The new campaign – carrying the slogan ‘little changes, change everything’ – will feature on radio and television adverts, podcasts, roadside billboards, posters at motorway service stations, retails parks and petrol stations, and on social media. 

National Highways Director of Road Safety Sheena Hague said: “Bad habits can make driving on our motorways a challenging experience, as those who lane hog or tailgate frustrate other drivers and make them feel unsafe. Both are dangerous and can cause accidents. 

“Our campaign aims to motivate motorists to embrace little changes, which will have an overall positive effect on both them and their fellow road users, reduce congestion and keep traffic flowing. 

“The message is simple – always allow plenty of room between you and the vehicle in front, and unless overtaking move into the left-hand lane.” 

Roads Minister Guy Opperman said: “This Government is on the side of drivers and is listening to their concerns. That’s why this campaign, as part of our Plan for Drivers, aims to tackle middle lane hogging and tailgating, which are not only irritating but dangerous too.” 

RAC road safety spokesperson Rod Dennis said: “Simply put, middle lane hogging and tailgating are far more than mere annoyances for drivers – these actions put everyone on the roads at risk. Closely following another motorist, for instance, could easily result in a serious collision should the driver ahead need to brake sharply for any reason. The fact nearly one-in-four drivers surveyed admit to doing so on some of England’s fastest and busiest roads is frightening. 

“Some offenders might find these habits hard to kick, which is why this campaign is so important. By understanding how we choose to drive affects others, we can each make a real difference to the safety of our roads.”   

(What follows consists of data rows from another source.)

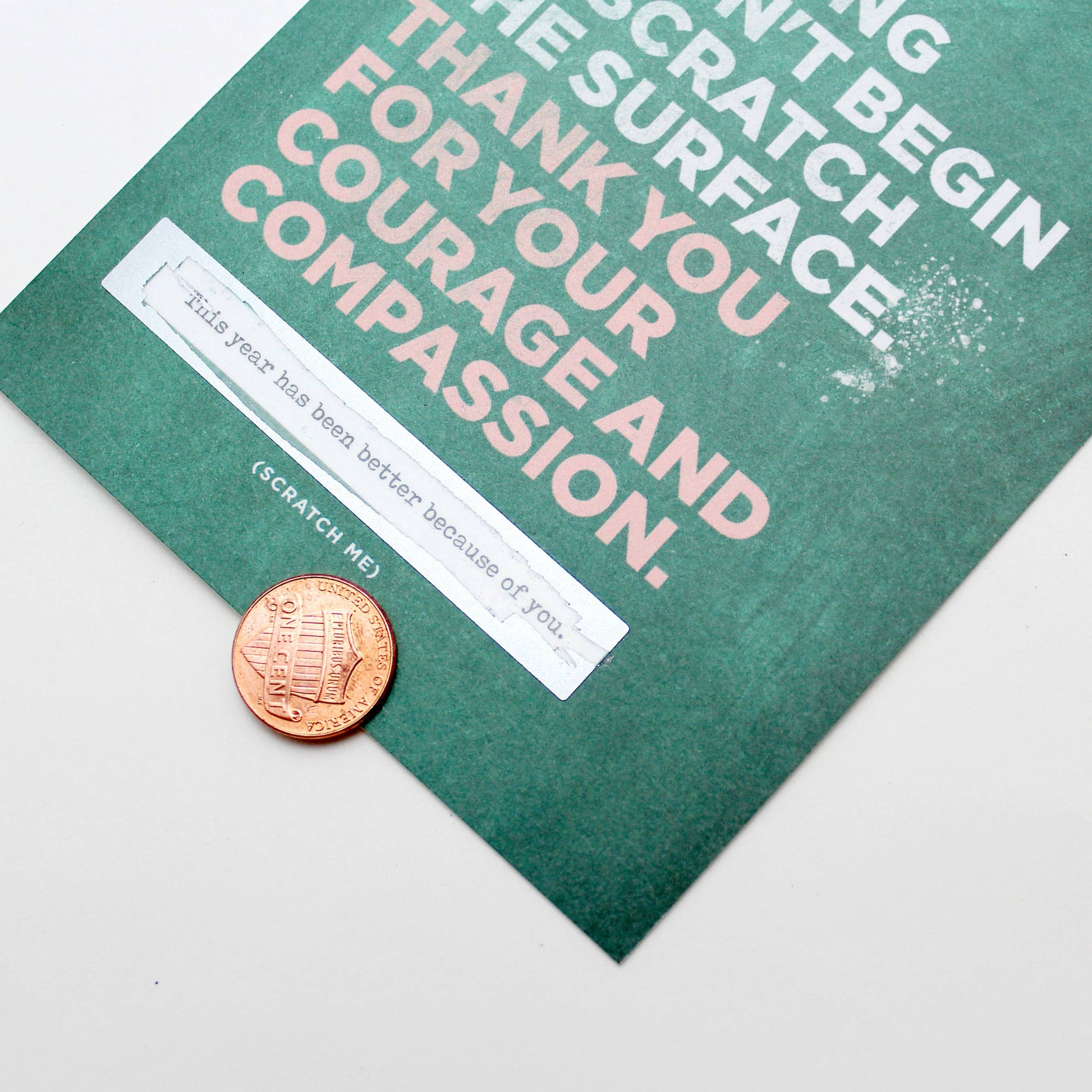 Our Random Scratch of Kindness cards are like a lottery ticket, only better! Scratching with a coin will reveal a surprise message.
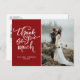 Envie obrigados para a família e amigos com este obrigado de fotos personalizável que você postais. Apresenta a moderna letra de mão com um fundo vermelho. Personalize adicionando sua foto e detalhes. Este obrigado fotográfico que você faz com cartão postal é perfeito para casamentos, graduações, aniversários e outros eventos.
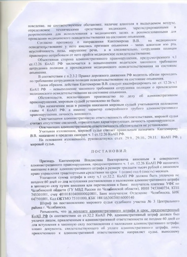 Мировой суд Центрального района лишил водительских прав и оштрафовал на 30 тыс. рублей челябинского рабочего Владислава Кантемирова. Он известен многим, как человек, разбивший «Роллс-Ройс» олигарха Александра Аристова. Основанием стал отказ от прохождения медосвидетельствования на состояние опьянения, сообщает «URA.Ru».
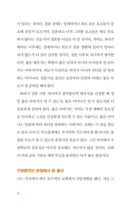 °áÈ¥Àº Çϳª´ÔÀÇ ÀÏÀÌ´Ù. °áÈ¥ÀÌ Çϳª´ÔÀÇ ÀÏÀ̶ó´Â ±³¸®´Â °áÈ¥À» ÀÌÇØÇϴµ¥ ÀÖ¾î °¡Àå Áß¿äÇϸç, ¾Æ¹«¸® °Á¶Çصµ Áö³ªÄ¡Áö ¾Ê´Â´Ù. ÀÌ ±³¸®¿¡ ´ëÇØ¼ ¹«ÁöÇÏ°Ô µÉ ¶§, °áÈ¥Àº Çϳª´ÔÀÇ ÀÏÀÌ ¾Æ´Ï¶ó Àΰ£ÀÇ ÀÏ·Î ¹Ù²î°Ô µÇ°í, °á±¹ ½ÅÀÚ¿Í ºñ½ÅÀÚÀÇ °áÈ¥Àº º°¹Ý Â÷À̰¡ ¾ø°Ô µÈ´Ù. _p.13
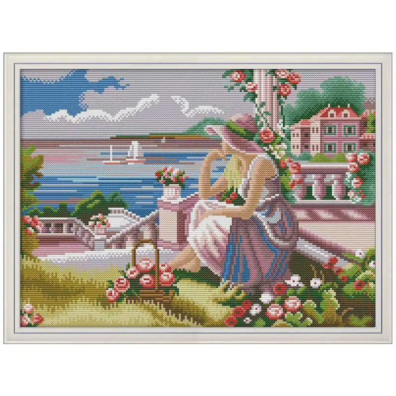 Девушка глядя на море Счетный напечатаны на холсте DMC 11CT 14CT DIY наборы Китайский вышивки крестом вышивка рукоделие Наборы для ухода за кожей
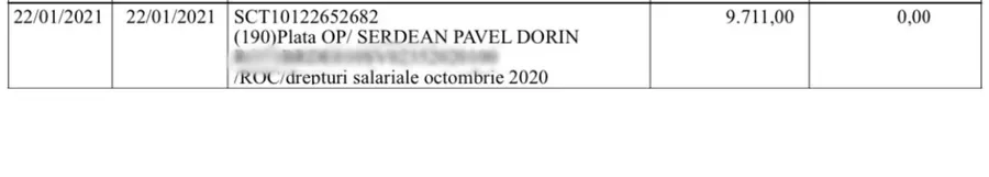 Pe lângă acest transfer, fostul președinte din „Ștefan cel Mare” a mai făcut două plăți în valoare de 17.380 de lei și 14.500 de lei către reprezentantul său legal.

Lane hogging can disrupt the flow of traffic leading to congestion and cause frustration to other road users. It can also lead to other drivers undertaking. 

The middle lane should be used for overtaking, letting traffic onto the road, and when traffic conditions do not allow for driving in the left lane.   

When traffic conditions allow, people should drive in the left-hand lane and if overtaking should return to the left-hand lane when it is safe to do so.  

When it comes to close following, the Highway Code says drivers should “allow at least a two second gap between you and the vehicle in front on roads carrying faster moving traffic”.

The two seconds are made up of the time needed for thinking and stopping. And when it’s raining drivers need to at least double that gap.